Please restate the records below verbatim, omitting every image they hold.
====================
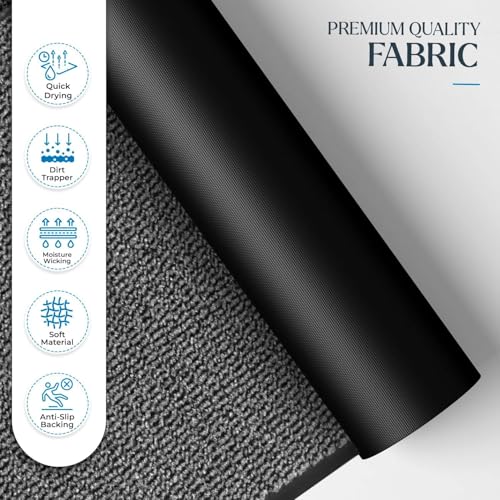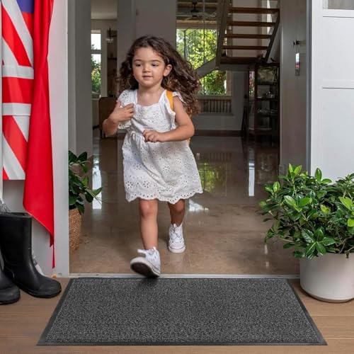 FB FunkyBuys Washable Dirt Trapper Door Mats Indoor & Outdoor, Heavy Duty Non Slip Doormats, Rubber Backed Floor Mat, Super Absorbent Front Door Mat, Entrance Rug (Grey-waved, 90cm x 120cm)
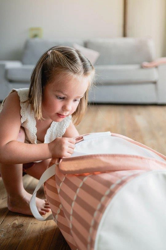 Nie musisz już wybierać między funkcjonalnością a estetyką. Produkty z serii SOO Play&Go to połączenie maty do zabawy i pojemnika na zabawki w jednej, przemyślanej konstrukcji. Zintegrowany design bez luźnych elementów. Mata na zabawki i pokrywa zszyte są z otworem kosza - dzięki czemu nie ma ryzyka, że coś się zgubi. Całość jest lekka, trwała i łatwa w przenoszeniu po domu.
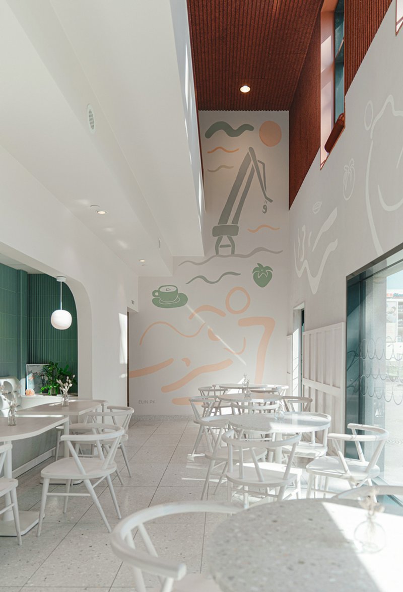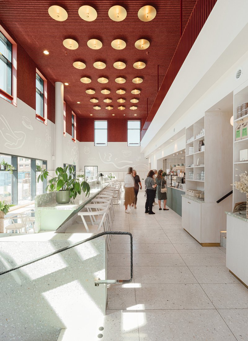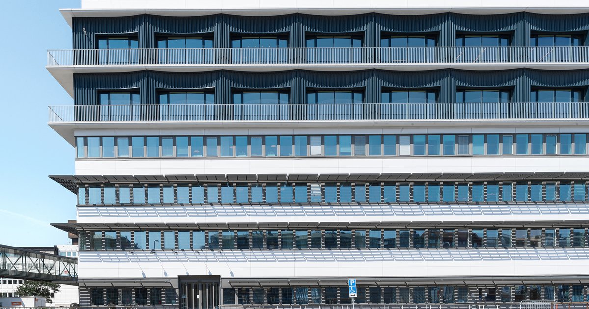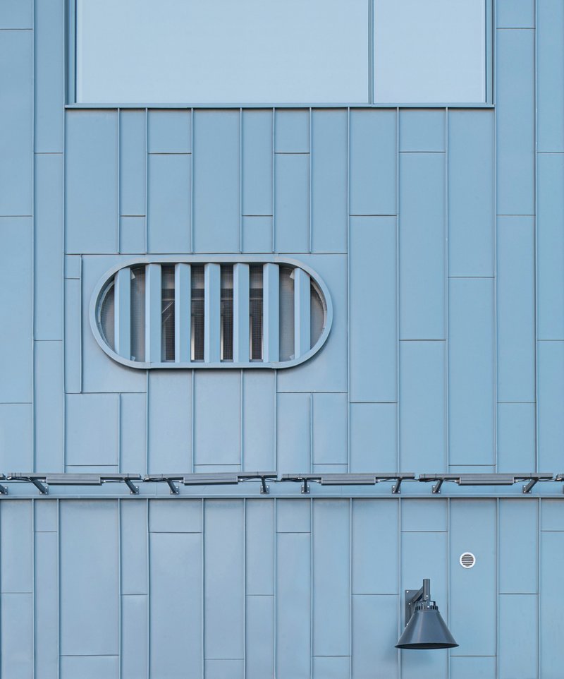 In contrast to the cool tones of the exterior, the lower floors of the building provide a welcoming and warm atmosphere. The entrance lobby houses a café open to the public, creating a sense of community and inviting everyone to experience the space. The red roof of the café is a nod to the industrial past of the port area, where rusty cranes and tin roofs were once common sights. This thoughtful use of color not only reflects the history of the site but also brings a lively and celebratory atmosphere to the building’s design.
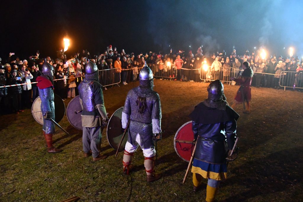 Wraz z zapadnięciem zmroku wydarzenie nabrało jeszcze bardziej spektakularnego charakteru. Przy świetle płonących ognisk odbyły się pokazy walk wojów, a przestrzeń wypełniła muzyka inspirowana dawnymi słowiańskimi brzmieniami.
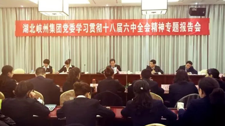 11月7日下午,湖北峡州集团党委组织召开学习贯彻党的十八届六中全会精神专题报告会。集团主管以上党员干部参会学习。集团党委书记、董事长柯新宇同志主持会议。
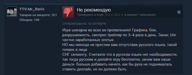 >>9844199 >игра недоступна в вашем регионе >похуй что недоступна, я все равно через протыков и еблю все оформлю и куплю, занесу барену и поменяю настройки в биосе для него >ряяя где язык уроды, плевок в лицо
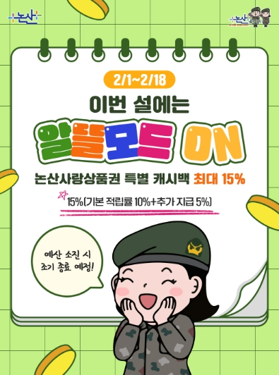 ![]() 설 명절 맞아 논산사랑상품권 특별 적립금(캐시백) 최대 15%제공 |
====================
## Written solution
 FB FunkyBuys Washable Dirt Trapper Door Mats Indoor & Outdoor, Heavy Duty Non Slip Doormats, Rubber Backed Floor Mat, Super Absorbent Front Door Mat, Entrance Rug (Grey-waved, 90cm x 120cm)
 Nie musisz już wybierać między funkcjonalnością a estetyką. Produkty z serii SOO Play&Go to połączenie maty do zabawy i pojemnika na zabawki w jednej, przemyślanej konstrukcji. Zintegrowany design bez luźnych elementów. Mata na zabawki i pokrywa zszyte są z otworem kosza - dzięki czemu nie ma ryzyka, że coś się zgubi. Całość jest lekka, trwała i łatwa w przenoszeniu po domu.
 In contrast to the cool tones of the exterior, the lower floors of the building provide a welcoming and warm atmosphere. The entrance lobby houses a café open to the public, creating a sense of community and inviting everyone to experience the space. The red roof of the café is a nod to the industrial past of the port area, where rusty cranes and tin roofs were once common sights. This thoughtful use of color not only reflects the history of the site but also brings a lively and celebratory atmosphere to the building’s design.
 Wraz z zapadnięciem zmroku wydarzenie nabrało jeszcze bardziej spektakularnego charakteru. Przy świetle płonących ognisk odbyły się pokazy walk wojów, a przestrzeń wypełniła muzyka inspirowana dawnymi słowiańskimi brzmieniami.
 11月7日下午,湖北峡州集团党委组织召开学习贯彻党的十八届六中全会精神专题报告会。集团主管以上党员干部参会学习。集团党委书记、董事长柯新宇同志主持会议。
 >>9844199 >игра недоступна в вашем регионе >похуй что недоступна, я все равно через протыков и еблю все оформлю и куплю, занесу барену и поменяю настройки в биосе для него >ряяя где язык уроды, плевок в лицо
 ![]() 설 명절 맞아 논산사랑상품권 특별 적립금(캐시백) 최대 15%제공 |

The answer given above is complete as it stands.